Informacoes sobre ordens
| Nome do Produto | Numero de Catalogo | UNID | Preco | Qde | FAVORITOS | |
ferritin light chain Plasmídeo duplo de Nickase (h) | sc-400924-NIC | 20 µg | $410.00 | |||
ferritin light chain Plasmídeo duplo de Nickase (h2) | sc-400924-NIC-2 | 20 µg | $410.00 |
FTL codifica a cadeia leve da ferritina, uma subunidade central do complexo de ferritina citosólica que sequestra o excesso de ferro ferroso e limita o dano oxidativo catalisado pelo ferro. Ao controlar a disponibilidade de ferro lábil, a FTL sustenta a homeostase do ferro, o equilíbrio redox e processos subsequentes, incluindo o metabolismo mitocondrial, a síntese de DNA e respostas ao estresse.
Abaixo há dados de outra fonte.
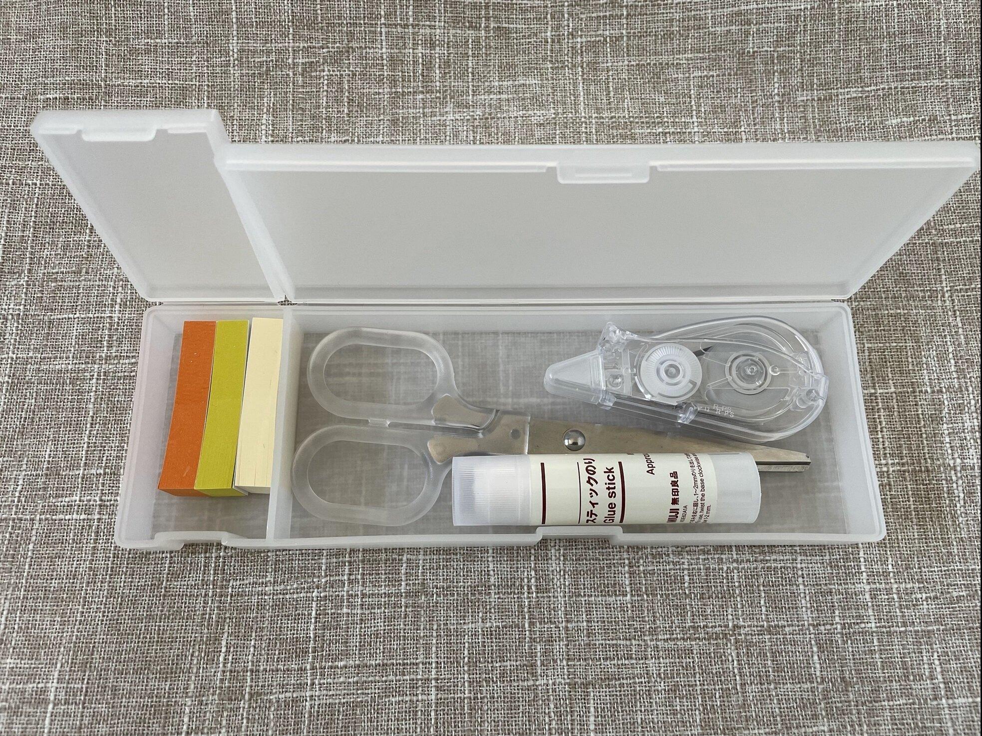 無印良品の「ダブルペンケース」は文房具はもちろん、電池や裁縫グッズ入れなどの細々としたものの収納にも便利。

A dinâmica da ferritina cruza-se com vias que regulam a suscetibilidade à ferroptose, a sinalização inflamatória e a degradação autofágica da ferritina (ferritinofagia), ligando a FTL à adaptação celular sob estresse nutricional ou oxidativo. A expressão alterada de FTL ou a regulação da ferritina é frequentemente utilizada como leitura molecular em estudos de estados de sobrecarga de ferro, processos neurodegenerativos, biologia de infecções e metabolismo de células cancerosas.
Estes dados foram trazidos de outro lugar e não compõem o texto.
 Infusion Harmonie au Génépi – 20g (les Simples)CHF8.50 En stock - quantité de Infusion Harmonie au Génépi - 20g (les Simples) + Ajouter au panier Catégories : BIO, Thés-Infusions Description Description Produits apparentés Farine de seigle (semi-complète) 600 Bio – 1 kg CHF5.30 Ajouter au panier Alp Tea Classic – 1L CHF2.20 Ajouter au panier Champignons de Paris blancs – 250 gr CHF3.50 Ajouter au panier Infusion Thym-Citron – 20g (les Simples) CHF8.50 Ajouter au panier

ferritin light chain O Plasmídeo de Nickase Dupla (h) consiste num par de plasmídeos combinados, concebidos para a edição de alta especificidade do locus FTL em linhas celulares human. Cada plasmídeo expressa uma nickase Cas9 D10A e um sgRNA distinto que tem como alvo cadeias de ADN opostas dentro de FTL. Quando direcionadas para locais adjacentes em cadeias de ADN opostas, as duas nickases geram cortes deslocados numa única cadeia que, em conjunto, produzem uma quebra escalonada de cadeia dupla, exigindo uma atividade coordenada no alvo por parte de ambas as guias. A quebra de ADN resultante é resolvida por vias de reparação celular endógenas, mais frequentemente através da junção de extremidades não homólogas (NHEJ), levando a inserções ou deleções que perturbam a função FTL. Ao exigir o envolvimento de dois sgRNA no locus alvo, a abordagem de dupla nickase aumenta a especificidade da edição e fornece uma estratégia CRISPR complementar para aplicações em que se deseja um controlo adicional sobre a precisão do direcionamento.
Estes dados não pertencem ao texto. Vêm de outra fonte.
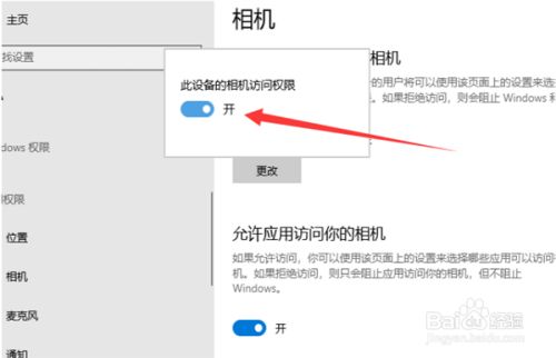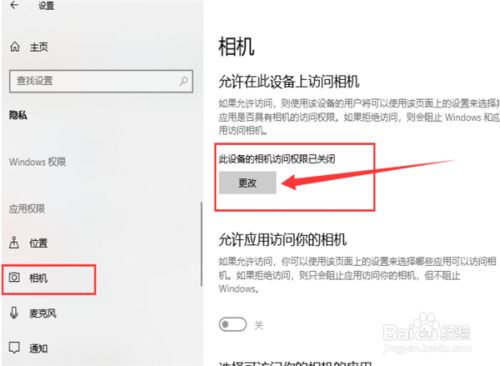 2、左侧栏找到相机,右侧我们就可以看到此设备的相机的拜候权限已封闭,点击更改。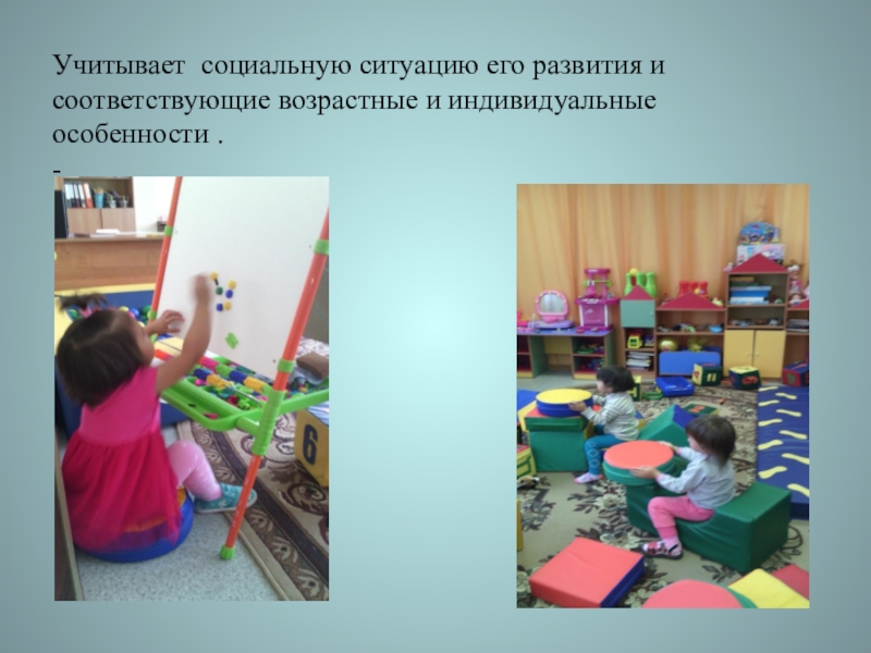 Учитывает социальную ситуацию его развития и

Para apoiar a identificação eficiente das células editadas, um plasmídeo codifica GFP para visualização fluorescente das populações transfectadas, enquanto o plasmídeo complementar transporta um gene de resistência à puromicina para seleção antibiótica. Em conjunto, estas características apoiam o enriquecimento eficiente das populações co-transfectadas e simplificam a validação dos clones com FTL interrompido.
Apenas para uso em investigação. Não se destina a uso diagnóstico ou terapêutico.